Find out about courses and other resources to contribute to your Individual Development Plan (IDP).

Senior Management Learning Road Map

Staff Education and Development is leveraging the leadership development model described in the Leadership Pipeline by Ram Charan, Stephen Drotter, and James Noel.   This framework can be used for:

  • Mapping out one’s career for leadership development
  • Creating an Individual Development Plan (IDP) that prepares you for the next level up
  • Coaching your staff to create an IDP for their next leadership position
  • Succession planning

As a first step, UC San Diego’s supervisory, management and leadership learning activities have been categorized into Learning Road Maps using the following definitions:

  • First-level managers (supervisors and managers of individual contributors)
  • Middle managers (managers of people managers at various levels)
  • Senior Managers (department heads and above)

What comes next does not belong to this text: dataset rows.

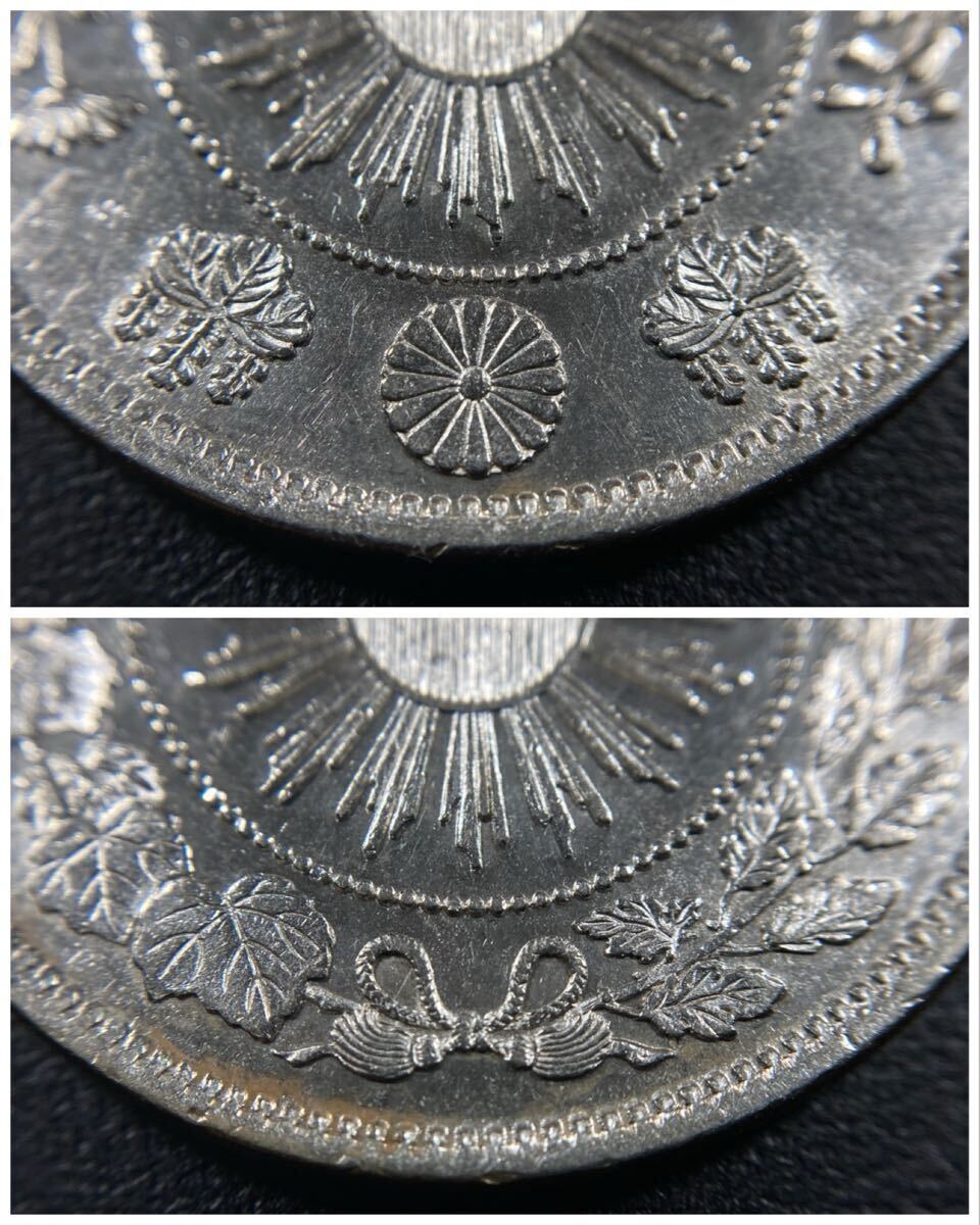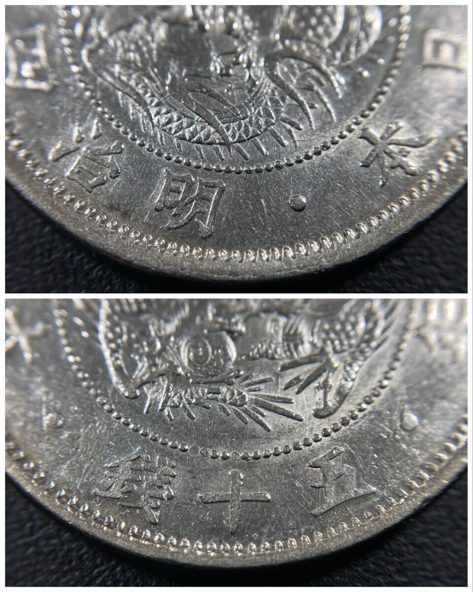 主人曰く、旭日竜小型50銭銀貨は四字の手変化が多彩な貨幣となります。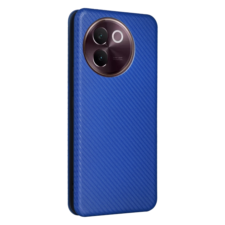 Para Vivo V30E Funda de Cuero con Tapa con Textura de Fibra de Carbono (Azul)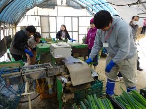 2カ所に分かれて、農業体験(ネギの収穫・調整体験、カボチャ栽培の後片付け、トマト収穫)を実施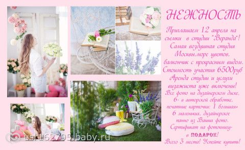 Девочки, кто не успел на 6 апреля, не обижайтесь! Просто в студии больше нет свободного времени Поэтому я решила найти другую студию, тоже интересную, нежную, весеннюю, легкую, воздушную и нашла!

Related UC Core Competencies

  • Communication
  • Diversity and Inclusion
  • Employee Engagement
  • Innovation and Change Management
  • Job Mastery and Continuous Learning
  • Resource Management
  • Results Orientation and Execution
  • Service Focus
  • Teamwork and Collaboration
  • People Management

Summary: The Senior Management Learning Road Map builds on the First-Level Management Learning Roadmap and the Middle Management Learning Road Map. It is designed for senior managers at the department head level and above.

Certificate Available: No.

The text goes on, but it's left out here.